Exercise goal: The answer consists solely of the lines running from the one with "Ahojte, mame cisla" through the final line below, transcribed exactly and without any pictures.

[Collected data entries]
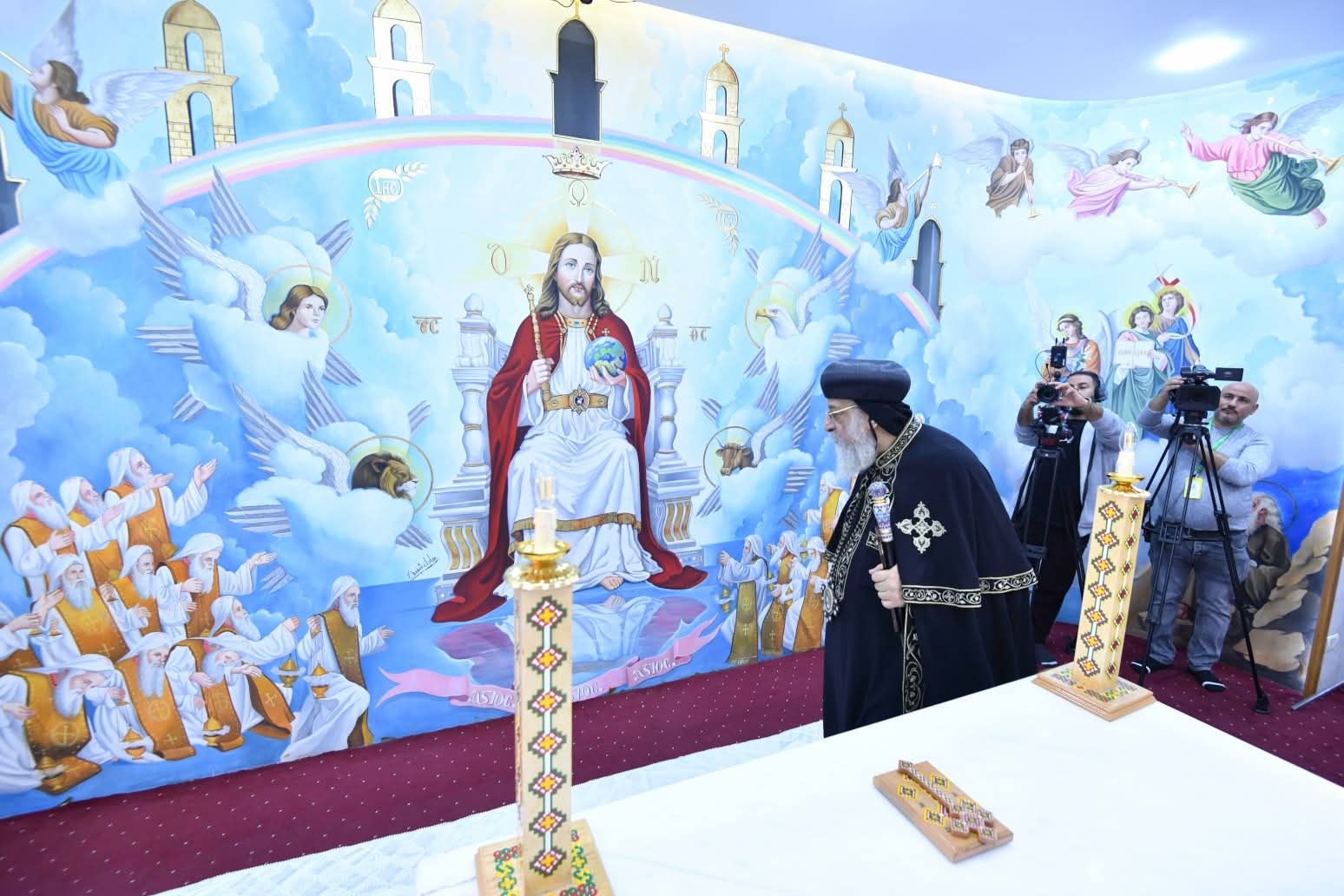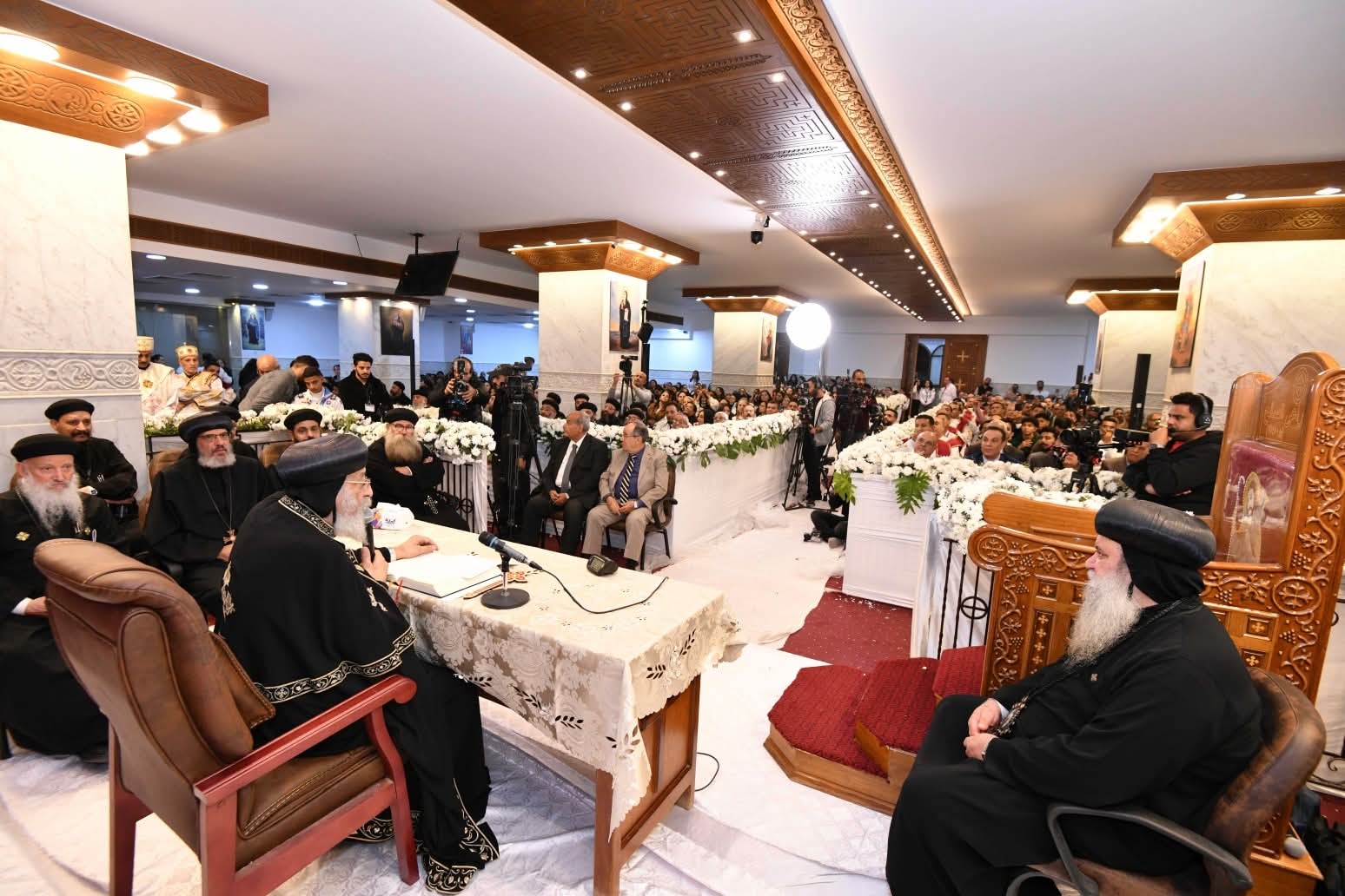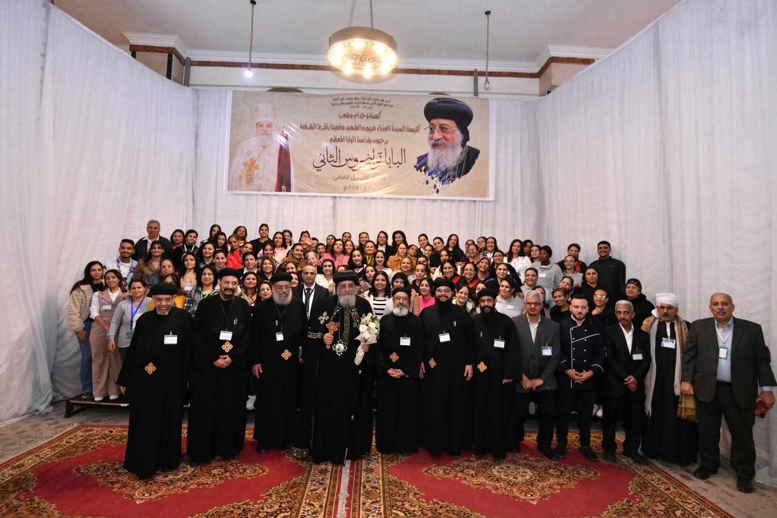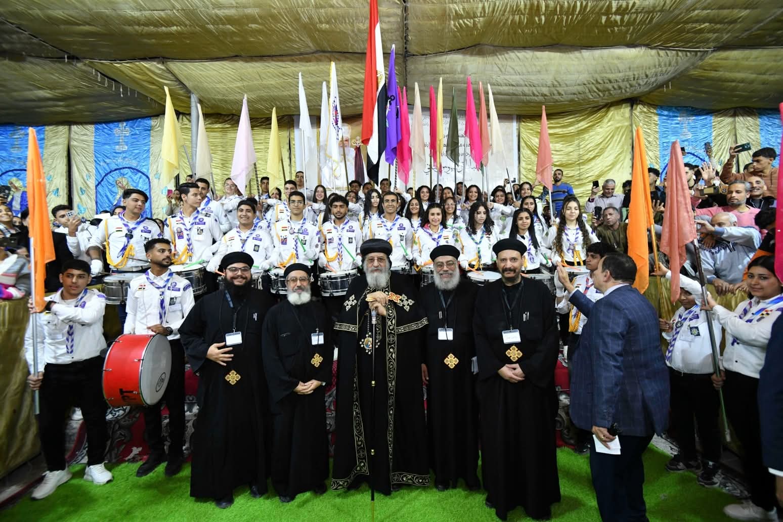 وامتلأ السرادق المقام في الساحة أمام الكنيسة بفريق الكشافة والمئات من أبناء الكنيسة، حيث اُستُقبِل قداسته لدى وصوله، بحفاوة بالغة من قبلهم، وعلت أصواتهم بكلمات الترحيب والمحبة، وحرص قداسته على مبادلتهم التحية.
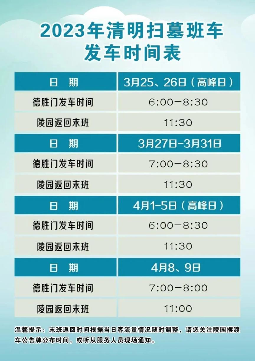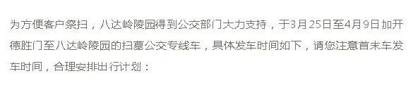 2、3月25日—4月9日期间,德胜门发车时间段之内,不限车次,人满即发,直达八达岭陵园。
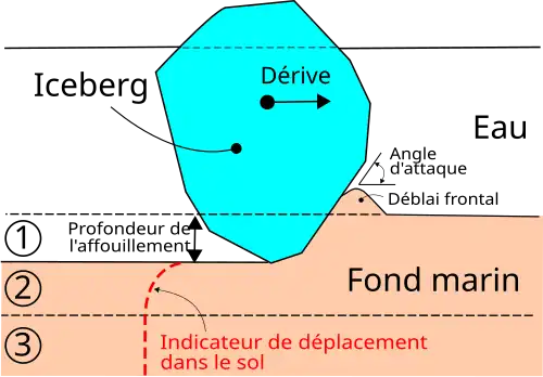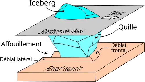 Lorsqu’une formation de glace flottante (typiquement un iceberg ou un fragment de banquise) dérive dans une zone peu profonde, il arrive que la partie immergée (la quille) de cette glace touche le fond de l’eau. Elle se met alors à racler les sédiments en y laissant un sillon[1] – c’est le phénomène de l’affouillement (Wadhams 2000, Weeks 2010, ch. 13). Si ce phénomène est le plus souvent observé dans les mers et les océans, on le remarque également dans les rivières et les lacs (Noble and Comfort 1982, Grass 1984).
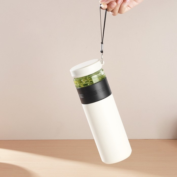 Для удобства переноски воспользуйтесь ремешком, который идет в комплекте с термосом. Теперь ваш напиток готов к употреблению в любое время и в любом месте!
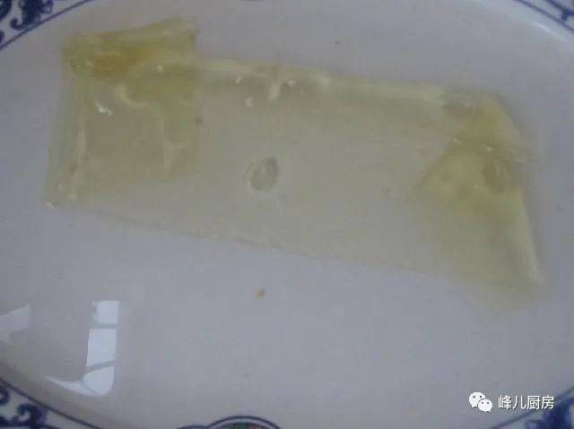11、將牛奶微微加熱,加入魚膠片和櫻桃醬。
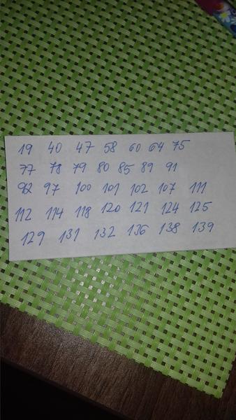 Ahojte, mame cisla : 1-7x, 8, 10, 13,14,15,20,21,23-4x, 26, 30-3x, 31-3x, 36-3x,41,43-5x, 50,51-2x,52, 61,63,69-2x, 71, 75,76-2x,77,80,83,89-2x,92,93,94-2x,95-3x,97,102,105-3x, 106-3x,107-2x,108,109-2x,113-3x,117-2x,119-2x, 124,131-3x,135,138-2x,139,141-4x, 144-4x.
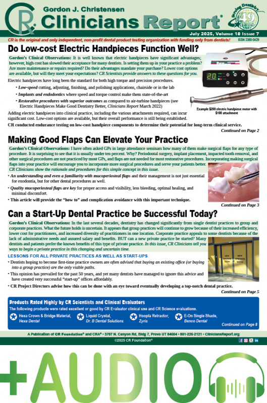 Low-cost Electric Handpieces ◊ Good Flaps ◊ Start-Up Dental Practice
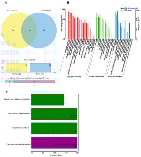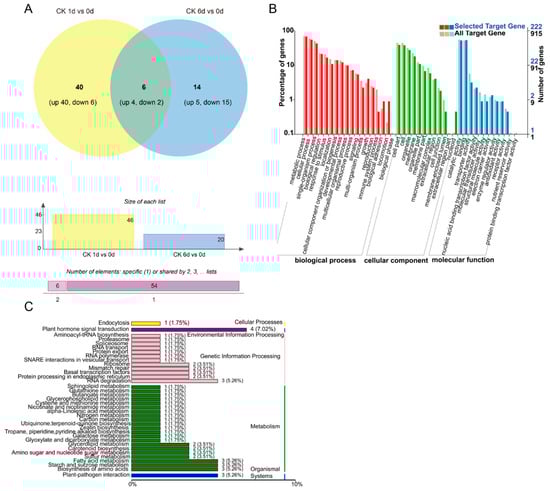 DEM (differentially expressed miRNA) analysis under control conditions during the fruit ripening stage. (A) Number of DEMs in papaya fruit at 1 and 6 days after treatment (DAT) compared to 0 DAT under control conditions. The Venn software package (http://bioinformatics.psb.ugent.be/webtools/Venn/) was used for the Venn diagram. (B) GO classification of the predicted target genes in the comparison of 1 and 6 DAT with 0 DAT. (C) KEGG classification of the predicted targets of target genes in the comparison of 1 and 6 DAT with 0 DAT.

Solution to this problem:
 Ahojte, mame cisla : 1-7x, 8, 10, 13,14,15,20,21,23-4x, 26, 30-3x, 31-3x, 36-3x,41,43-5x, 50,51-2x,52, 61,63,69-2x, 71, 75,76-2x,77,80,83,89-2x,92,93,94-2x,95-3x,97,102,105-3x, 106-3x,107-2x,108,109-2x,113-3x,117-2x,119-2x, 124,131-3x,135,138-2x,139,141-4x, 144-4x.
 Low-cost Electric Handpieces ◊ Good Flaps ◊ Start-Up Dental Practice
 DEM (differentially expressed miRNA) analysis under control conditions during the fruit ripening stage. (A) Number of DEMs in papaya fruit at 1 and 6 days after treatment (DAT) compared to 0 DAT under control conditions. The Venn software package (http://bioinformatics.psb.ugent.be/webtools/Venn/) was used for the Venn diagram. (B) GO classification of the predicted target genes in the comparison of 1 and 6 DAT with 0 DAT. (C) KEGG classification of the predicted targets of target genes in the comparison of 1 and 6 DAT with 0 DAT.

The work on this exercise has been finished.